→ **Work to be completed**: Word for word, output every line of the material below, minus pictures.

→ **Supplied information**:
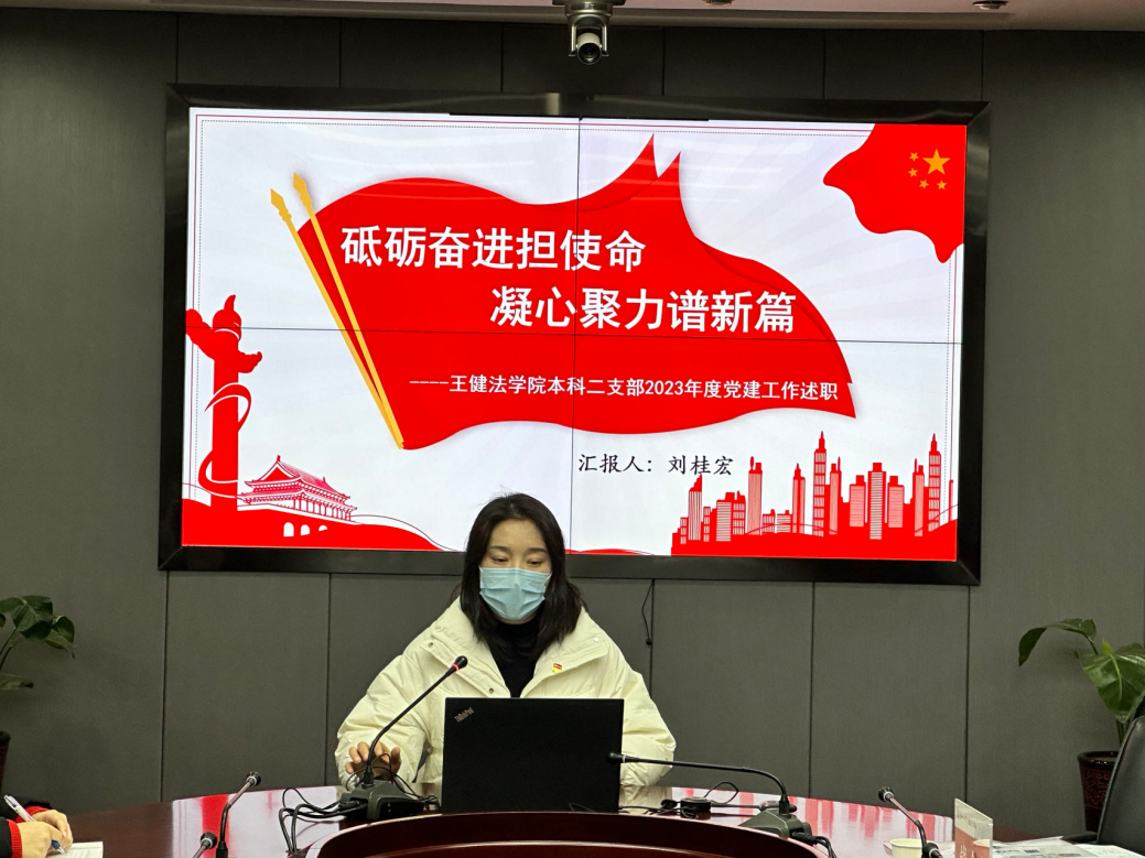 本科二支部书记刘桂宏汇报本年度的基本工作情况:支部以习近平新时代中国特色社会主义思想为行动指南,认真学习贯彻落实党的二十大精神,创新主题党日活动,不断激发党建活力。以培育新时代德法兼修高素质法治人才为方向,围绕立德树人根本任务,充分发挥“成长之友”头雁领航作用,进一步提升样板党支部建设,创建学习型、创新型、服务型党组织,并从“日常工作”、“工作创新”、“总结思考”三方面对支部的工作进行了总结。
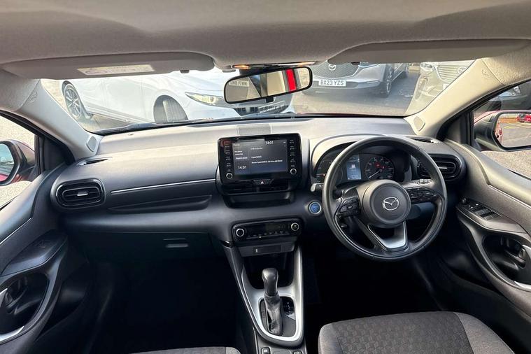 Adjustable speed limiter, Analogue speed display meter, Apple car play/Android Auto, Drive mode selection and paddle shift, Dynamic radar cruise control, E-call with GPS, Emergency stop signalling system, Engine start/stop button, EV drive mode, Hybrid system indicator, Integrated bluetooth, Lane tracing assist includes Lane centering, Lane departure alert, Steering assist and Vehicle sway warning, Multi-information display, PAS, Pre-collision system enhanced with emergency steering assist, Reversing camera, Road sign assist - RSA, Service indicator, Tailgate, Trip computer, i-stop, AM/FM/DAB radio with 6 speaker audio system and 8" colour screen centre display, Steering wheel mounted audio/bluetooth controls, Automatic high beam - AHB, Black lower window garnish, Body coloured electrically adjustable heated door mirrors, Body coloured front bumper, Body coloured rear bumper with satin black lower mouldings, Coming/leaving home lighting function, Dusk sensing headlights, Front and rear electric windows, Gloss black rear roof spoiler, Halogen front fog lights, Halogen headlights with manual headlight levelling and Halogen daytime running lights, LED rear combination light with halogen turn signals, LED third brake light, Rain sensing front wipers with adjustable sensitivity and speed, Rear side wing doors, Rear wiper, Satin black front grille, Shark fin antenna, 12V power outlet, 3 seat bench in 2nd row, 60/40 split rear seats, Climate control air conditioning, Cloth upholstery, Door panel in soft touch material, Driver, front passenger and two rear door storage, Driver, Front passenger and two rear grab handles with coathooks, Drivers seat manual slide recline and height adjustment, Drivers/front passengers with covered vanity mirrors, Front centre armrest, Front centre storage with two cupholders, Front head restraints, Glovebox, Interior courtesy light, ISOFIX child seat anchorage points attached on outer rear seats, Leather handbrake, Leather steering wheel and gear knob, Luggage compartment light, Single front passenger seat, Three height adjustable rear head restraints, Tilt/telescopic adjustable steering wheel, USB input, 2x3 point front seatbelts with pre-tensioners, 3 point seatbelts on all rear seats, Anti-lock braking system (ABS), Collision mitigation braking system, Driver and passenger central airbags, Dynamic stability control + Traction control, Electronic parking brake with auto-hold and auto-disengage function, ESP, Front and rear curtain airbags, Front driver, passenger and rear seat seatbelt warning, Front dual stage driver and single stage front passenger airbags, Front side airbags, G-Vectoring control plus, Hill start assist control (HAC), Manual child lock in rear doors, Passenger airbag cut-off switch, Regenerative braking system, Tyre pressure monitoring system, Deadlocking system, Smart keyless entry, Thatcham approved immobiliser and alarm, 15" Alloy wheels, Emergency tyre repair kit,
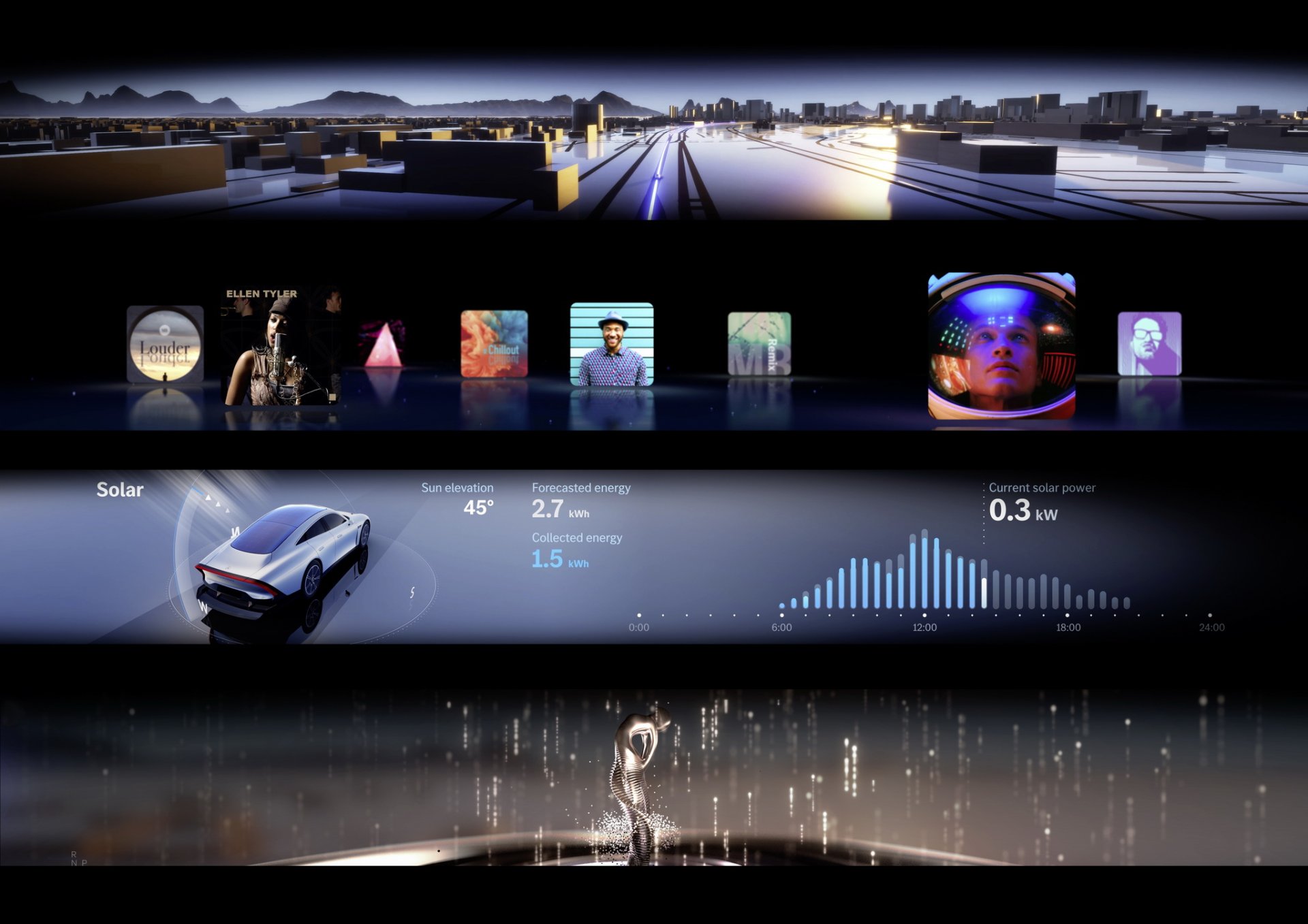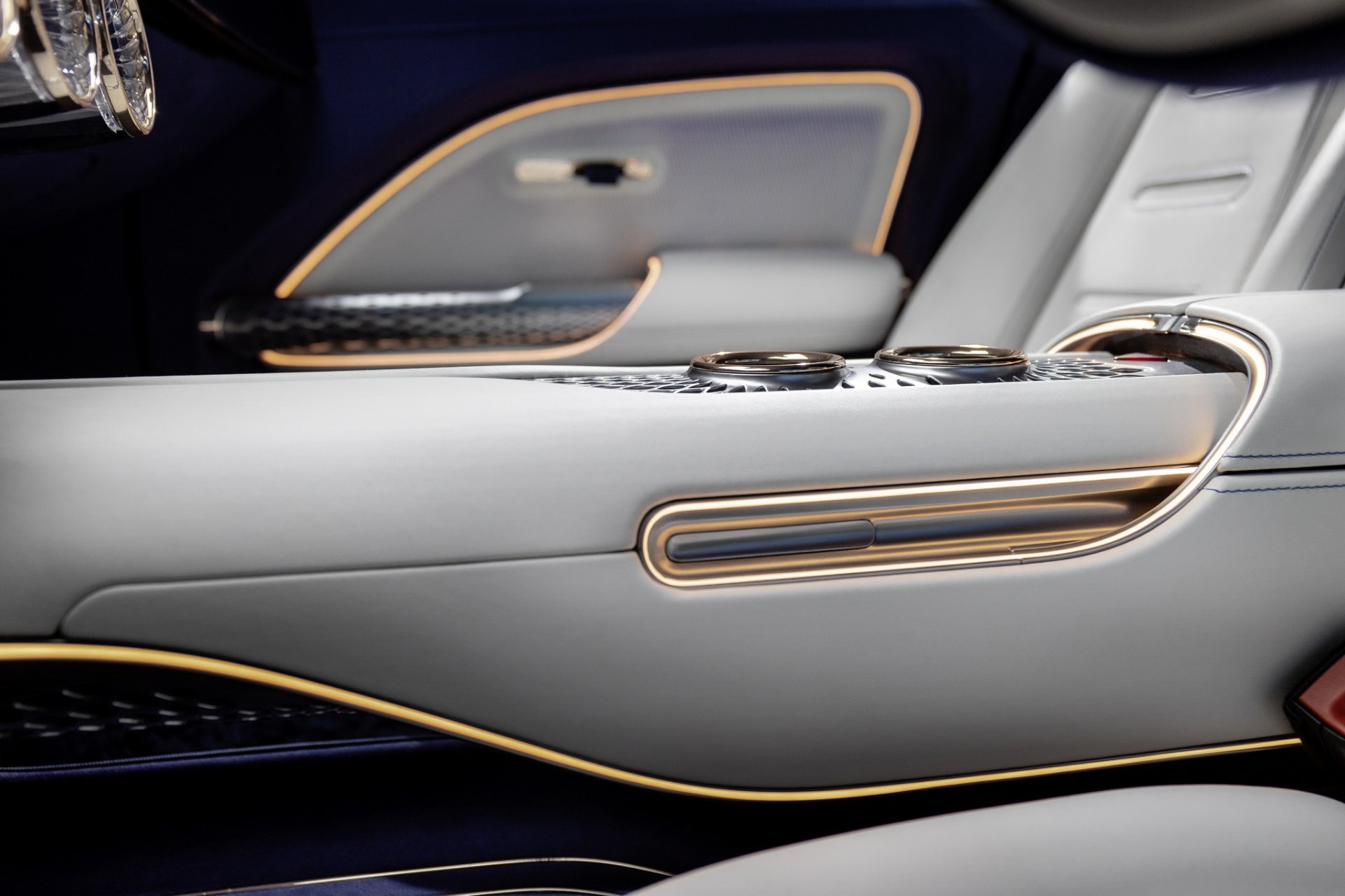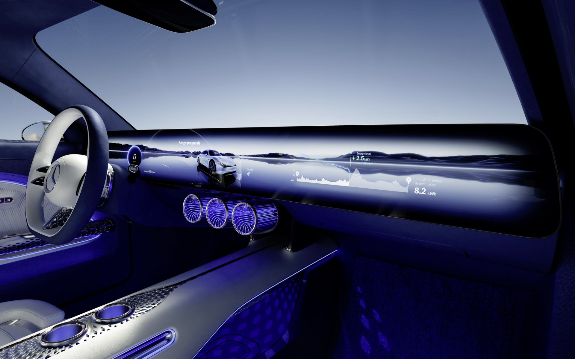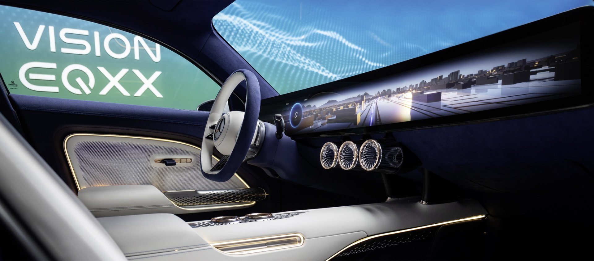ห้องโดยสารจะมาแนวหรูล้ำ มากับหน้าจอ Mini LED ขนาด 47.5 นิ้ว ยาวไร้รอยต่อความละเอียดถึง 8K (7,680 x 660 พิกเซล) แสดงผลระบบนำทางแบบ 3 มิติ วัสดุของห้องโดยสารจะไม่พบหนังแท้ หรืออะไรที่มาจากสัตว์อีกต่อไป จะเน้นมาใช้วัสดุจากธรรมชาติทั้งหมด เช่น มือจับประตูทำจากเส้นใย Biosteel® ของ AMSilk, พรมทำจากเส้นใยไม้ไผ่, เบาะนั่งจากกระบองเพชร และเห็ดก็มีด้วยนะ

→ **Written response**:
 本科二支部书记刘桂宏汇报本年度的基本工作情况:支部以习近平新时代中国特色社会主义思想为行动指南,认真学习贯彻落实党的二十大精神,创新主题党日活动,不断激发党建活力。以培育新时代德法兼修高素质法治人才为方向,围绕立德树人根本任务,充分发挥“成长之友”头雁领航作用,进一步提升样板党支部建设,创建学习型、创新型、服务型党组织,并从“日常工作”、“工作创新”、“总结思考”三方面对支部的工作进行了总结。
 Adjustable speed limiter, Analogue speed display meter, Apple car play/Android Auto, Drive mode selection and paddle shift, Dynamic radar cruise control, E-call with GPS, Emergency stop signalling system, Engine start/stop button, EV drive mode, Hybrid system indicator, Integrated bluetooth, Lane tracing assist includes Lane centering, Lane departure alert, Steering assist and Vehicle sway warning, Multi-information display, PAS, Pre-collision system enhanced with emergency steering assist, Reversing camera, Road sign assist - RSA, Service indicator, Tailgate, Trip computer, i-stop, AM/FM/DAB radio with 6 speaker audio system and 8" colour screen centre display, Steering wheel mounted audio/bluetooth controls, Automatic high beam - AHB, Black lower window garnish, Body coloured electrically adjustable heated door mirrors, Body coloured front bumper, Body coloured rear bumper with satin black lower mouldings, Coming/leaving home lighting function, Dusk sensing headlights, Front and rear electric windows, Gloss black rear roof spoiler, Halogen front fog lights, Halogen headlights with manual headlight levelling and Halogen daytime running lights, LED rear combination light with halogen turn signals, LED third brake light, Rain sensing front wipers with adjustable sensitivity and speed, Rear side wing doors, Rear wiper, Satin black front grille, Shark fin antenna, 12V power outlet, 3 seat bench in 2nd row, 60/40 split rear seats, Climate control air conditioning, Cloth upholstery, Door panel in soft touch material, Driver, front passenger and two rear door storage, Driver, Front passenger and two rear grab handles with coathooks, Drivers seat manual slide recline and height adjustment, Drivers/front passengers with covered vanity mirrors, Front centre armrest, Front centre storage with two cupholders, Front head restraints, Glovebox, Interior courtesy light, ISOFIX child seat anchorage points attached on outer rear seats, Leather handbrake, Leather steering wheel and gear knob, Luggage compartment light, Single front passenger seat, Three height adjustable rear head restraints, Tilt/telescopic adjustable steering wheel, USB input, 2x3 point front seatbelts with pre-tensioners, 3 point seatbelts on all rear seats, Anti-lock braking system (ABS), Collision mitigation braking system, Driver and passenger central airbags, Dynamic stability control + Traction control, Electronic parking brake with auto-hold and auto-disengage function, ESP, Front and rear curtain airbags, Front driver, passenger and rear seat seatbelt warning, Front dual stage driver and single stage front passenger airbags, Front side airbags, G-Vectoring control plus, Hill start assist control (HAC), Manual child lock in rear doors, Passenger airbag cut-off switch, Regenerative braking system, Tyre pressure monitoring system, Deadlocking system, Smart keyless entry, Thatcham approved immobiliser and alarm, 15" Alloy wheels, Emergency tyre repair kit,
ห้องโดยสารจะมาแนวหรูล้ำ มากับหน้าจอ Mini LED ขนาด 47.5 นิ้ว ยาวไร้รอยต่อความละเอียดถึง 8K (7,680 x 660 พิกเซล) แสดงผลระบบนำทางแบบ 3 มิติ วัสดุของห้องโดยสารจะไม่พบหนังแท้ หรืออะไรที่มาจากสัตว์อีกต่อไป จะเน้นมาใช้วัสดุจากธรรมชาติทั้งหมด เช่น มือจับประตูทำจากเส้นใย Biosteel® ของ AMSilk, พรมทำจากเส้นใยไม้ไผ่, เบาะนั่งจากกระบองเพชร และเห็ดก็มีด้วยนะ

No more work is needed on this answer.